Expand a dataframe to a include a full time series at a given frequency.

This function adds a full timeseries to the given dataframe for each group of columns specified by key_cols. The data in the timeseries will be filled with the next previous chronological observation for a group of primary key columns specified by key_cols.

Parameters:
  • df – The dataframe to expand. Must have date_col in columns.

  • key_cols – Column names of the non-date primary key columns in the dataframe. The resulting dataframe will have a full timeseries expanded for each unique group of these ID columns that are present in the dataframe.

  • date_col – Name of the datetime column being expanded into a full timeseries.

  • freq – The frequency of the time series to expand the data to. See here for a list of frequency aliases.

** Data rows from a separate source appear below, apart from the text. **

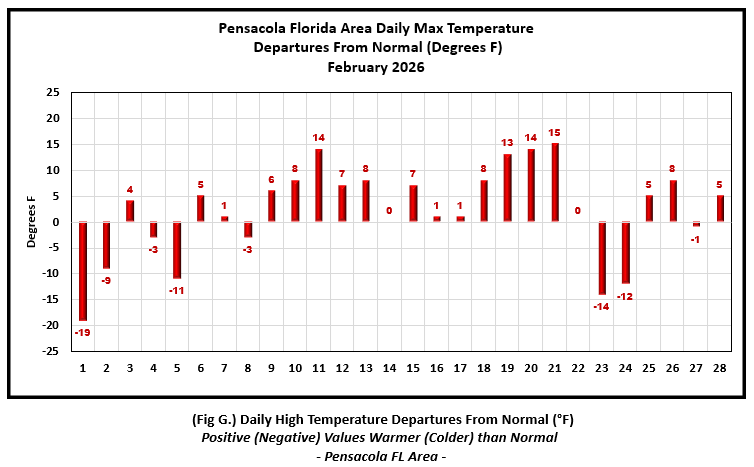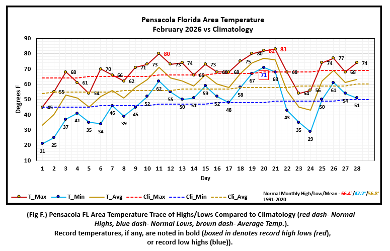 Pensacola Florida Area [Climate Normal Period 1991-2020, Climate Record Period 1879 to Present] - The average monthly high of 68.5° was 2.1° above normal. The average monthly low was 47.8° or 0.6° above normal. The average monthly temperature of 58.2° was 1.4° above normal. The highest temperature for the month, 83°, occurred on the 21st and was 15° above normal for the date. The lowest temperature for the month sank to 21° on day one, 24° below normal for the date. Pensacola saw four record temperatures for the month of February. (Fig. F) shows a graphical representation of how the Pensacola area temperatures compared to the seasonal normal daily highs and lows, which are shown by the colored dashed lines. (Figs. G and H) shows the daily high/low temperature departures from normal. The rain gauge collected over three inches at 3.26" (Fig. I), 1.51" below the monthly normal. Accumulated rainfall to date indicates a deficit over three inches compared to normal (Fig. J).
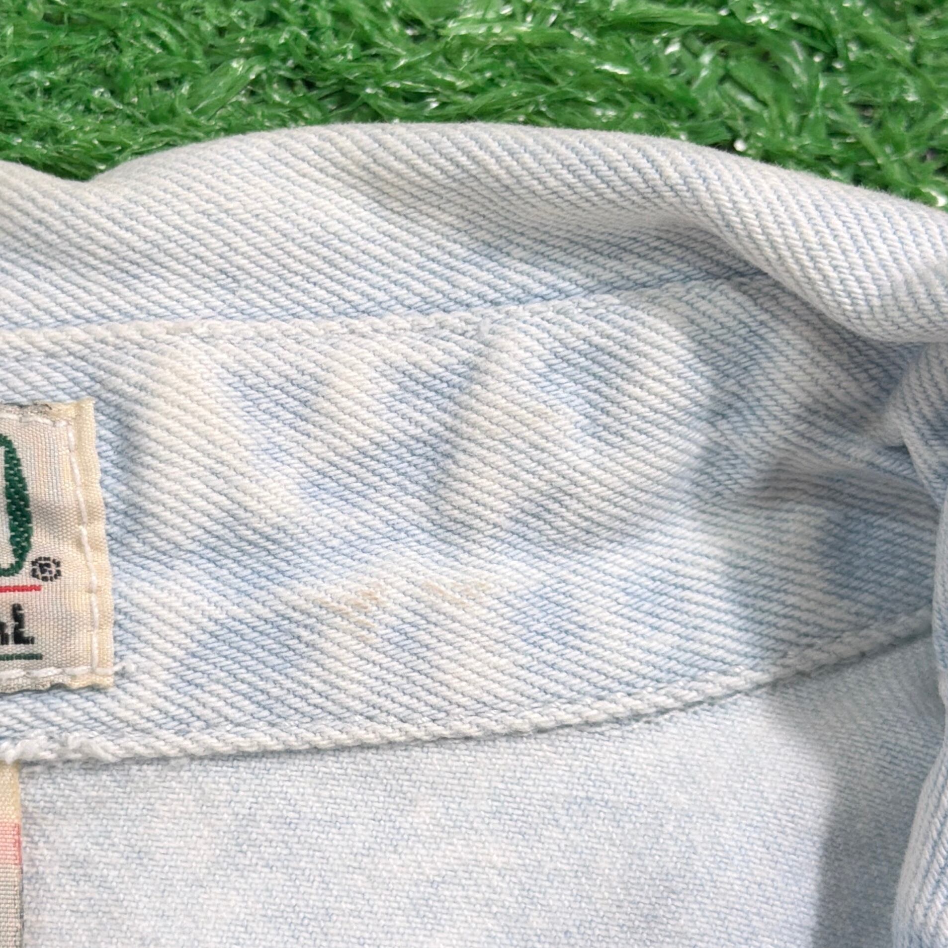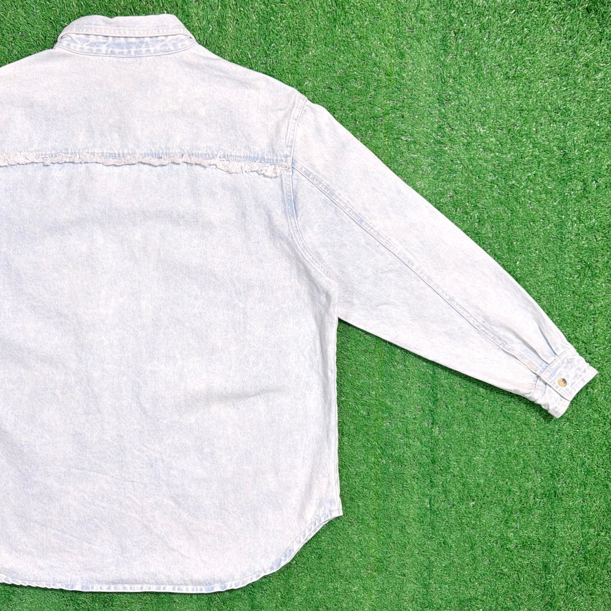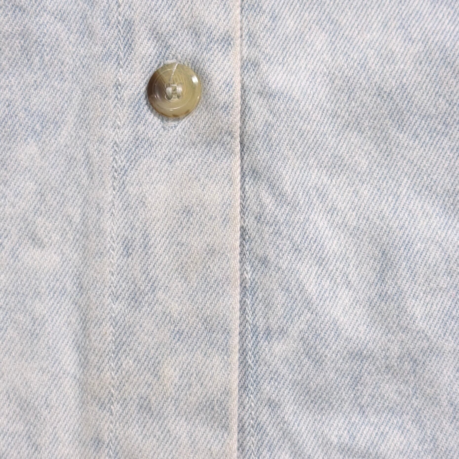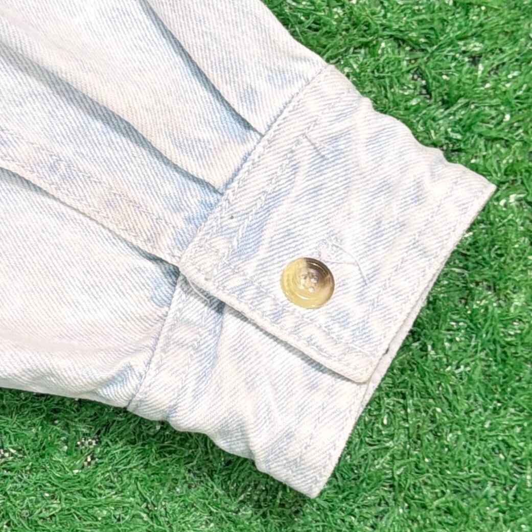 ライトブルーのデニムに、装飾が施された、しっかり個性のある一枚。細かいディテールまでこだわりを感じるデザインです。全体的にややライトなデニム生地で、シャツ感覚でさらっと着やすく、春秋はもちろん、羽織りとしても使える万能アイテム。シンプルなデニムシャツとは一味違う、80sらしいデザイン性が魅力です。
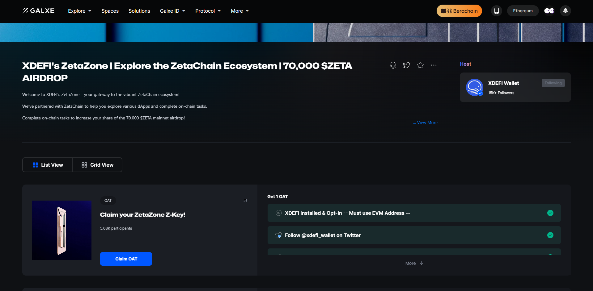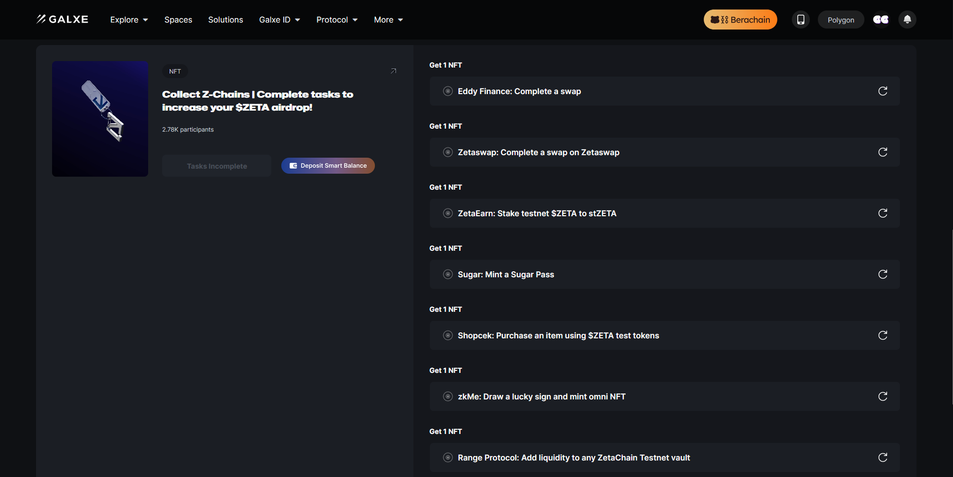 Here we can complete some more tasks that'll grant us a ZetaZone Z-Key OAT (On-chain Achievement Token), as well as eight Z-Chain NFTs!

  • fill_through_freq – The frequency in which to fill in the data through. For example, if equal to “year” the data will be filled in through the end of the last reported year for each grouping of key_cols. Valid frequencies are only year, month, or day.

pudl.helpers.organize_cols(df, cols)[source]#

Organize columns into key ID & name fields & alphabetical data columns.

For readability, it’s nice to group a few key columns at the beginning of the dataframe (e.g. report_year or report_date, plant_id…) and then put all the rest of the data columns in alphabetical order.

Parameters:
  • df – The DataFrame to be re-organized.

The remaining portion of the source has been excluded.